In making the determination that Arline’s carpal tunnel syndrome and nerve compression existed at the same time he sustained the injury to his fingers, but simply was not diagnosed as such until 1994, the superior court substituted itself as factfinder, which is prohibited. OCGA § 34-9-105 (c) and (d). See Fox v. Liberty Mut. Ins. Co., 125 Ga. App. 285, 288 (187 SE2d 305) (1972); Travelers Ins. Co. v. Purcell, 152 Ga. App. 279 (1) (262 SE2d 566) (1979); Wesleyan College, supra.

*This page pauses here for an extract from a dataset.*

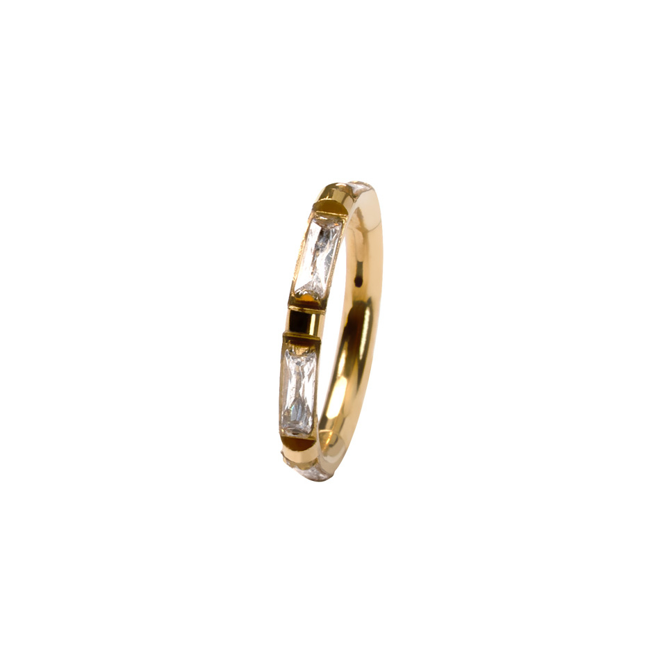 Nosaukums: Pīrsingu gredzens no titāna ar bagetes slīpējuma akmentiņiem

The scope of the superior court’s jurisdiction is limited by OCGA § 34-9-105. “On appeal, a finding of fact made by the [Appellate Division] when supported by any evidence, is conclusive and binding on the superior court as well as this court. Neither we nor the superior court have any authority to set aside an award based on supported findings of fact merely because we might disagree with the conclusions reached therein.” Wesleyan College, supra. This rule was not changed by the 1994 amendment to OCGA § 34-9-103, which became effective before the ALJ hearing in this case. Ga. L. 1994, p. 887, § 8.

2. The employee’s claim for increased permanent partial disability rating, decision on which was reserved by the ALJ and the Appellate Division, is also foreclosed by the statute of limitation. Although the current version of OCGA § 34-9-104 (b) permits claims for benefits under OCGA § 34-9-263 (“compensation for permanent partial disability”) to be filed “not more than four years from the date the last payment of income benefits pursuant to Code Section 34-9-261 or 34-9-262 was actually made . . . ,” the pre-1990 version of OCGA § 34-9-104 (b), which provides for a two-year limitations period for claims under § 34-9-263, is applicable to this case since the injury occurred in 1987. The superior court erred in remanding the case for this purpose.

Judgment reversed.

Birdsong, P. J., and Blackburn, J., concur.